LUXEMBOURG (AFP) ― European Union finance ministers tackled bank sector reform on Friday, aiming to build on a eurozone deal to inject capital directly into failing lenders to prevent wider damage to the economy.

On Thursday, the 17 eurozone finance ministers agreed how the single currency’s rescue fund, the European Stability Mechanism, could help the banks without adding to the already large debt burden on member states.

German Finance Minister Wolfgang Schaeuble said that the accord marked an “important step ... towards banking union,” the new regulatory framework for EU banks aimed at containing the fallout from any bank collapse.

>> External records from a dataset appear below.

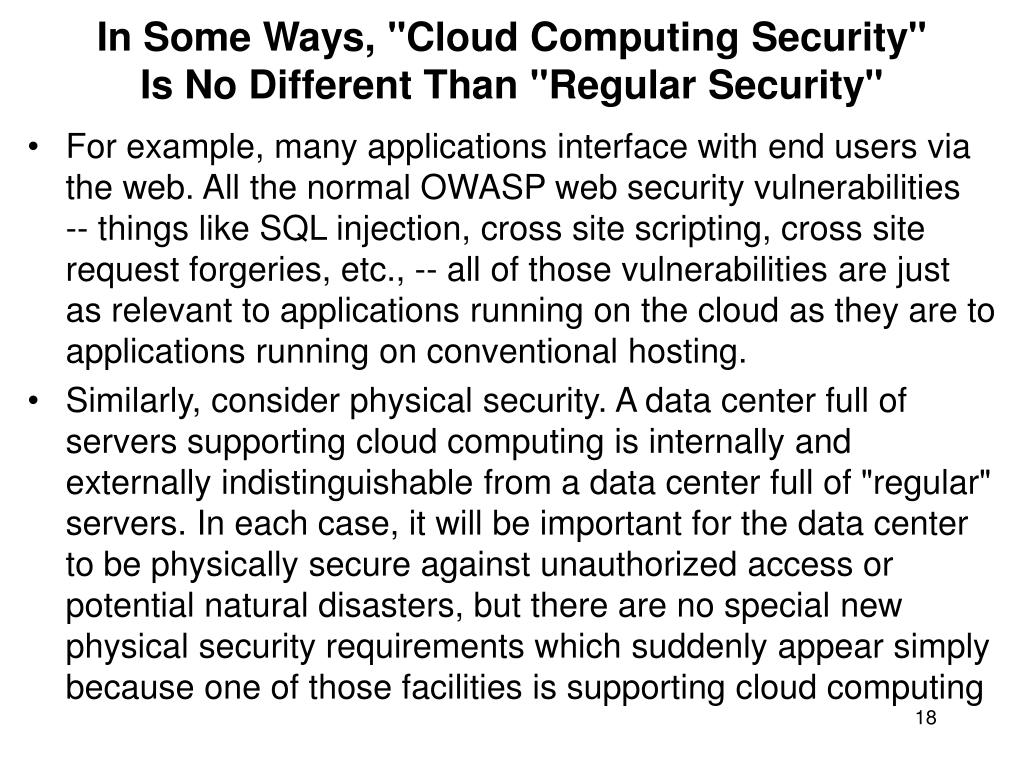 In Some Ways, "Cloud Computing Security"Is No Different Than "Regular Security" • For example, many applications interface with end users via the web. All the normal OWASP web security vulnerabilities -- things like SQL injection, cross site scripting, cross site request forgeries, etc., -- all of those vulnerabilities are just as relevant to applications running on the cloud as they are to applications running on conventional hosting. • Similarly, consider physical security. A data center full of servers supporting cloud computing is internally and externally indistinguishable from a data center full of "regular" servers. In each case, it will be important for the data center to be physically secure against unauthorized access or potential natural disasters, but there are no special new physical security requirements which suddenly appear simply because one of those facilities is supporting cloud computing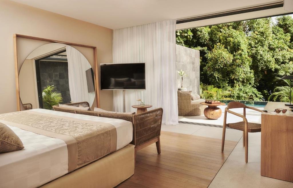 Plus vaste avec ses 41 m², cette unité propose un volume généreux et une atmosphère sereine. Elle dispose d’une grande terrasse privée face au jardin, d’une salle de bains privative moderne et d’équipements technologiques de pointe. Le luxe discret de cet établissement à la Réunion s’exprime pleinement dans cette catégorie de chambre spacieuse.
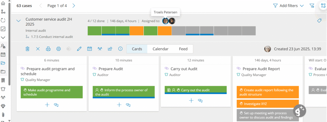 Opgaver vises for brugere med den rette rolle på det rette tidspunkt. Sagsbaserede opgaver kan også tildeles specifikke brugere.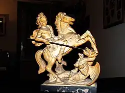 Pode ser sincretizado com São Jorge, devido à armadura e às armas de metal que este santo comumente usa.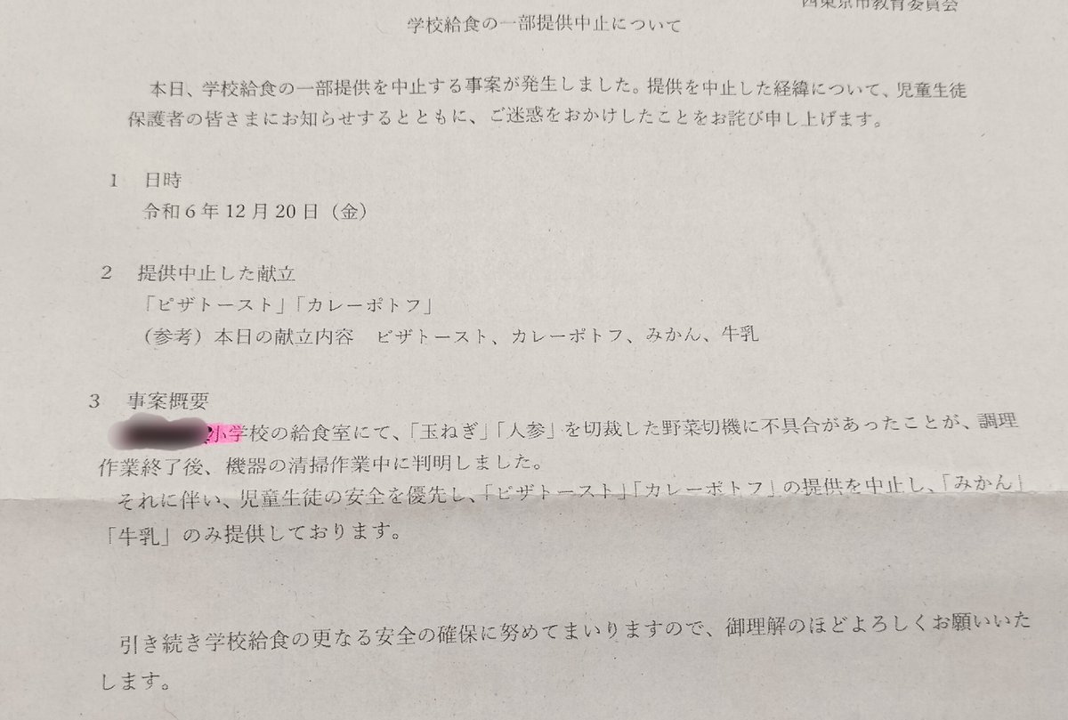 またもや給食での報告です。今日は12月20日に市内小学校の調理室(親子給食なので中学校にも提供される)で野菜切り機の刃が折れ、給食のピザトーストとカレーポトフが提供できなかった件での説明会に行ってきま..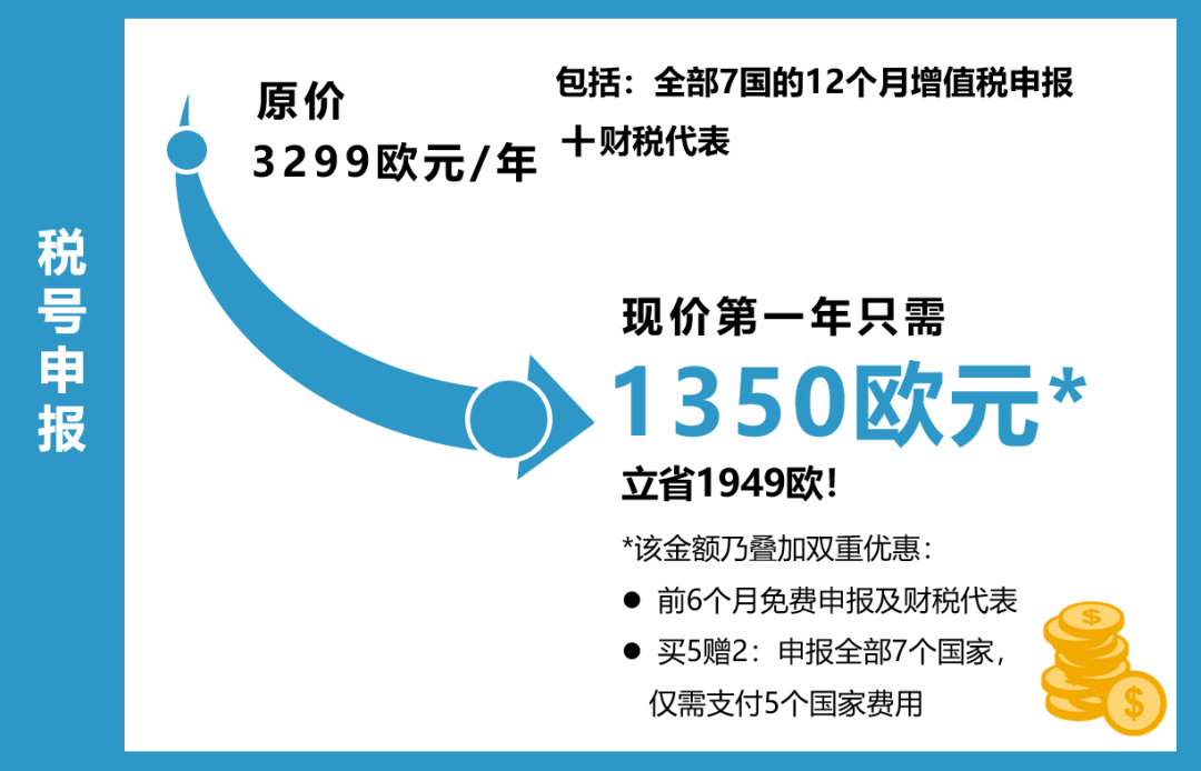 ???在前六个月免费申报的福利下,同时支持按月扣费,卖家进入服务后,只需先花费50欧元注册费用,即可尝试体验一站式增值税服务!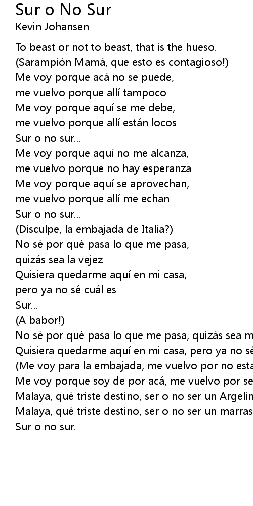 | Song | Sur o No Sur |
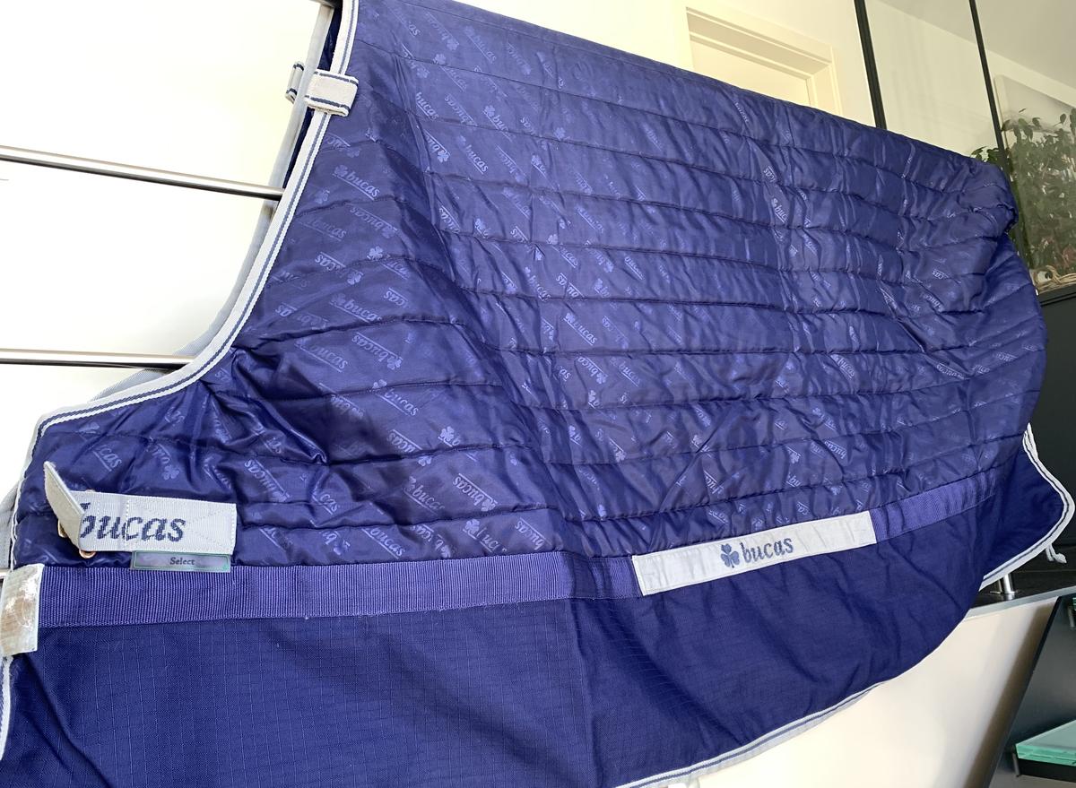 Couverture Select Quilt 300 gr couleur marine de chez Bucas taille 145. Peut être utilisé comme couverture de box ou comme sous-couverture. Fabriquée en nylon, résistant aux salissures, bas de la couverture en tissu hydrofuge. Simple fermeture poitrail. Sangles ventrales peuvent être utilisées de manière assez variable comme sangles ventrales ou comme sursangles croisées et sont élastiques et amovibles. En parfait état, très peu servi. Prix négociable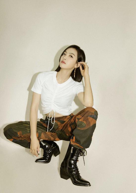 宋茜身穿一件白色的短袖T恤,T恤胸前的收褶设计,将宋茜修身的身材完美的勾勒出来,从而还露出她白皙的肚子,看起来十分的吸睛。下半身搭配了一条迷彩图案的工装裤,白色与迷彩搭配在一起,个性又百搭。脚上搭配了一双黑色的系带靴,为这身搭配增添了不少的痞帅风。
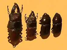 Dorcus taurus taurus de Sumatra, mâles et femelles.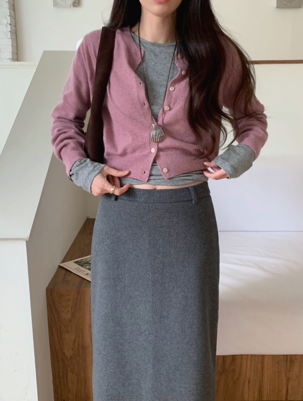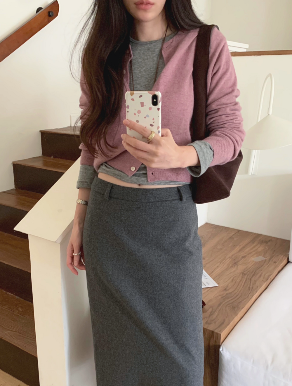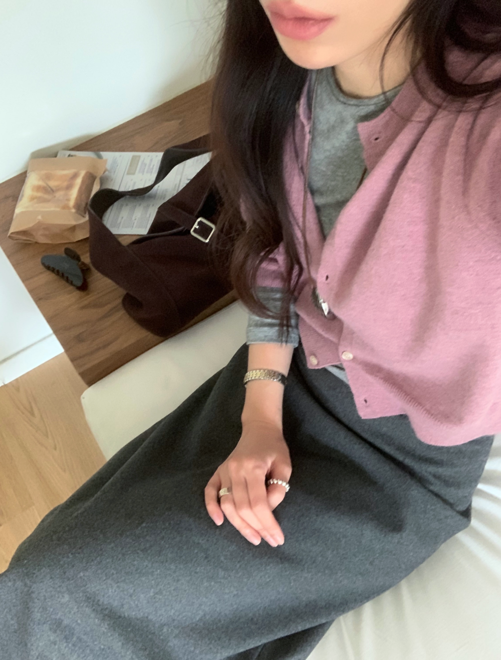 단정한 분위기를 완성해주는 담백한 라운드 가디건으로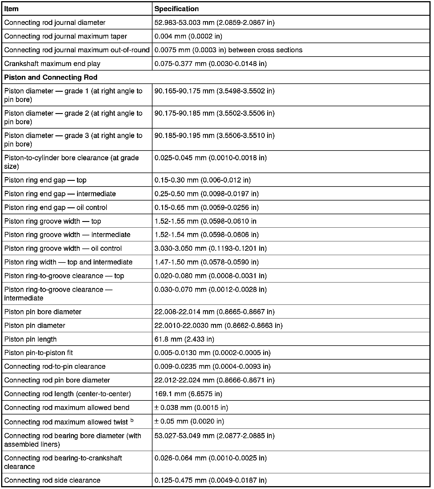 b The pin bore and crank bearing bore must be parallel and in the same vertical plane within the specified total difference when measured at the ends of a 203 mm bar, 105.5 mm on each side of rod centerline.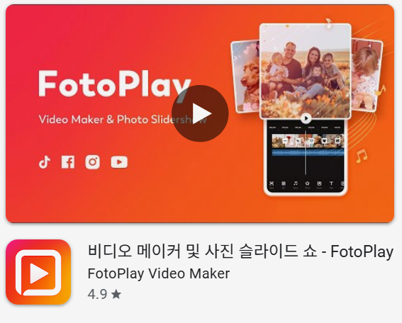 FotoPlay Video Maker는 여러 장의 사진을 음악과 결합해 슬라이드 쇼 형태의 동영상을 만들고 SNS에 공유하는 데 사용할 수 있습니다.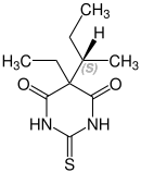 Thiobutabarbital contains a stereocenter and consists of two enantiomers. This is a racemate, ie a 1: 1 mixture of ( R ) - and the ( S ) - form:[2]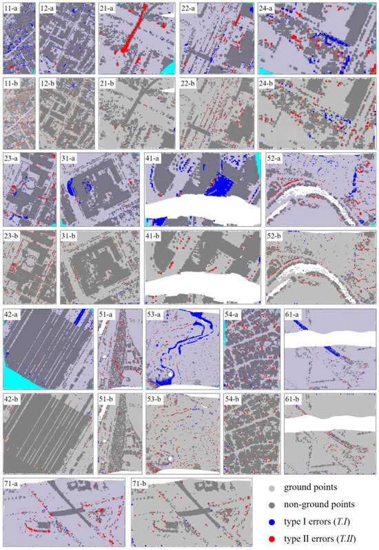 Figure 9 presents the filtering outcomes for 15 sample datasets. The AGPTD algorithm addresses the issues encountered with the classical PTD algorithm in https://www.itc.nl/isprs/wgIII-3/filtertest/report/ (accessed on 30 September 2024), specifically bridges in Sample 21 and gangways in Sample 22, which effectively reduces T.II. Moreover, the AGPTD algorithm rectifies the misclassification of non-ground points as ground points in slope areas of Sample 51 and regions with disconnected terrain in Sample 53, further reducing T.II. Additionally, the AGPTD algorithm overcomes the deficiencies of the classical PTD in processing low points in Sample 31 and unfiltered courtyards in Sample 41, effectively decreasing T.I. These enhancements significantly improve the performance of the AGPTD algorithm, reducing both T.I and T.II, and further demonstrating that the AGPTD algorithm outperforms the classical PTD in preserving ground feature points.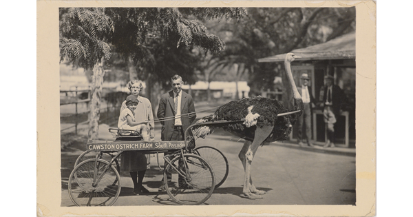 • [Child riding in an ostrich-drawn cart]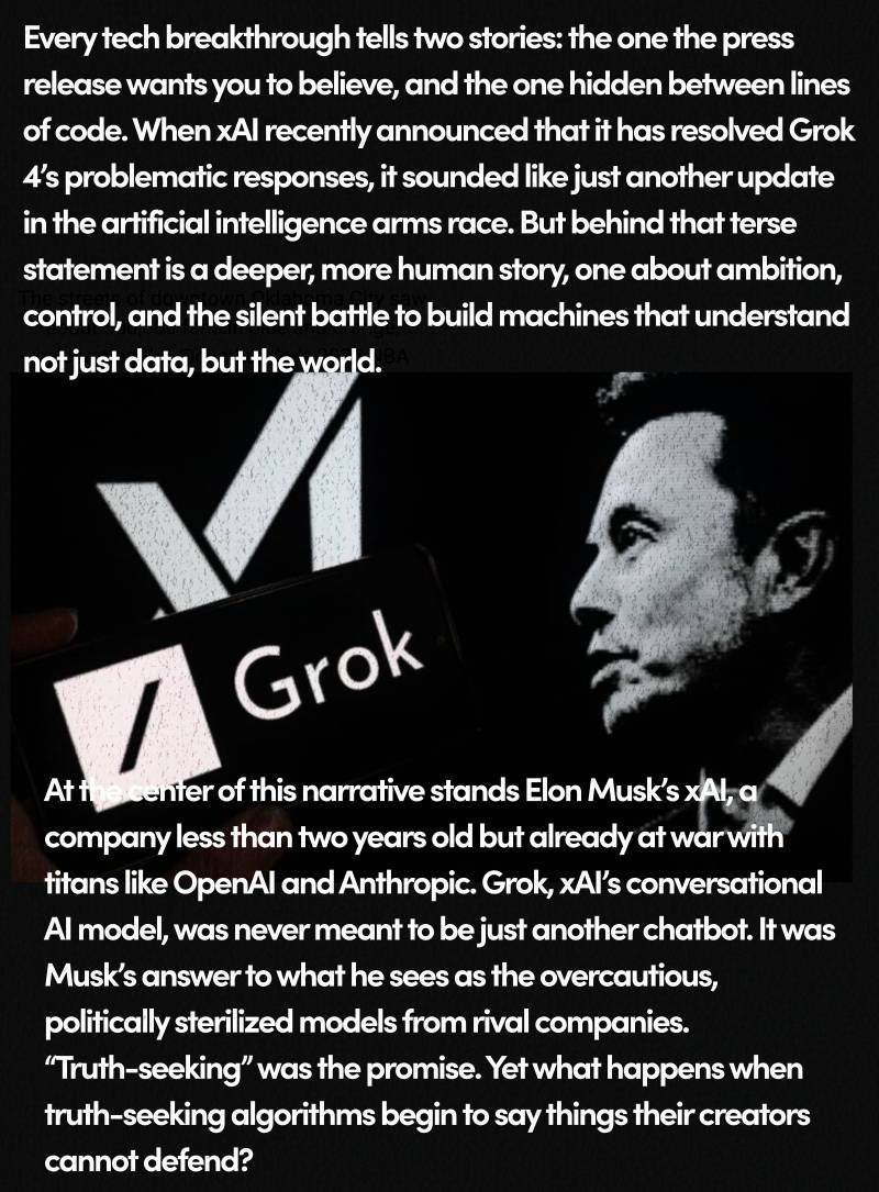Every tech breakthrough tells two stories: the one the press release wants you to believe, and the one hidden between lines of code. When xAI recently announced that it has resolved Grok 4’s problematic responses, it sounded like just another update in the artificial intelligence arms race. But behind that terse statement is a deeper, more human story, one about ambition, control, and the silent battle to build machines that understand not just data, but the world.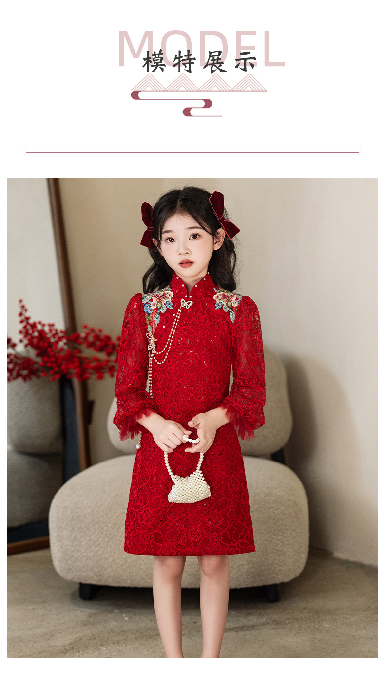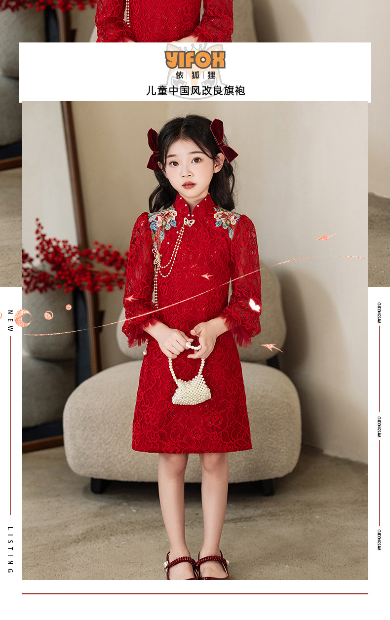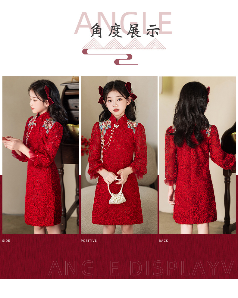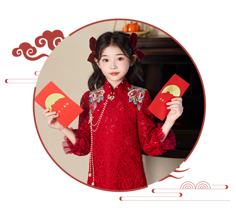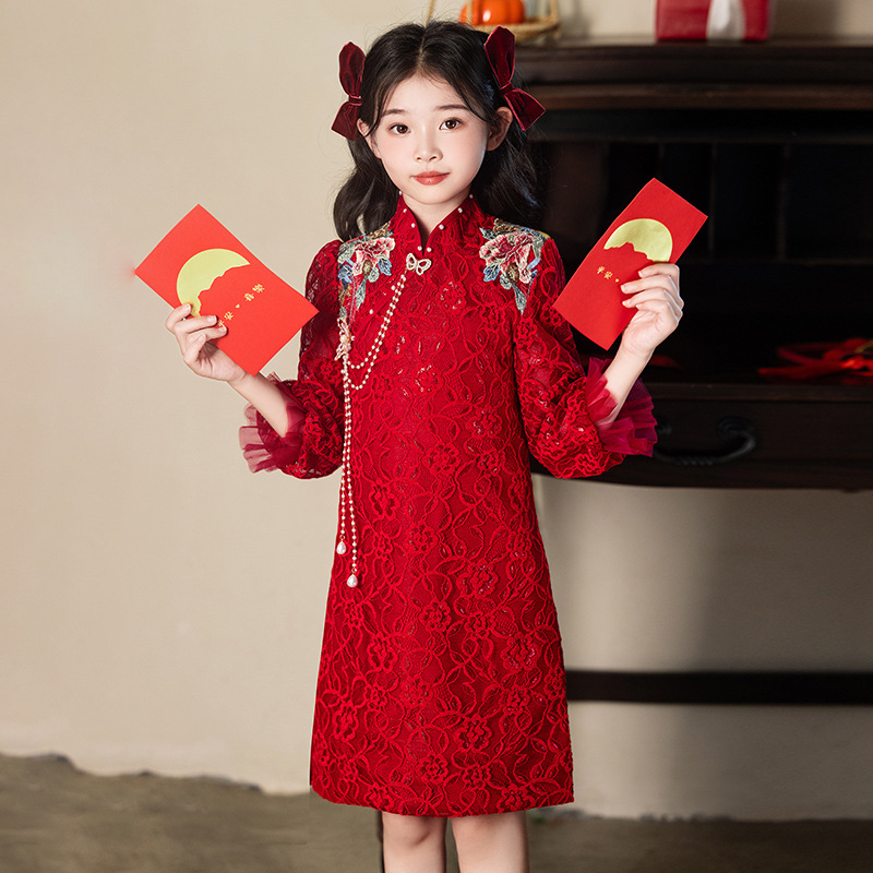Детское красное платье-ципао для девочек, новинка 2025 года, в китайском стиле, для девочек-цветочниц, платье в китайском стиле для маленьких девочек

Warning that the talks on Friday could prove difficult, Irish Finance Minister Michael Noonan said the deal cleared the way for discussion of the last major issues on the way to banking union.

“We have made significant progress in narrowing the ground (but) there are still some significant divergences of opinion,” Noonan said, highlighting the treatment of bank creditors.

Up to now, the taxpayer has paid for most of state and bank bailouts but this has stoked growing unease and only added to overall debt levels.

Part of a bailout for Greece involved losses for bondholders, and this caused a crisis for banks in Cyprus.

To address problem of taxpayers’ being landed with most of the costs, the EU, the European Central Bank and the International Monetary Fund in March agreed a Cyprus rescue which ‘bailed-in’ larger depositors in its two biggest banks to pay for their restructuring.

That move shocked savers who had felt they were safe, particularly in light of the EU’s supposedly blanket guarantee of deposits up to 100,000 euros.

Noonan said the biggest issue at Friday’s talks would be how the bail-in option would be managed, with some states wanting more flexibility to deal with it at a national, as opposed to an EU level.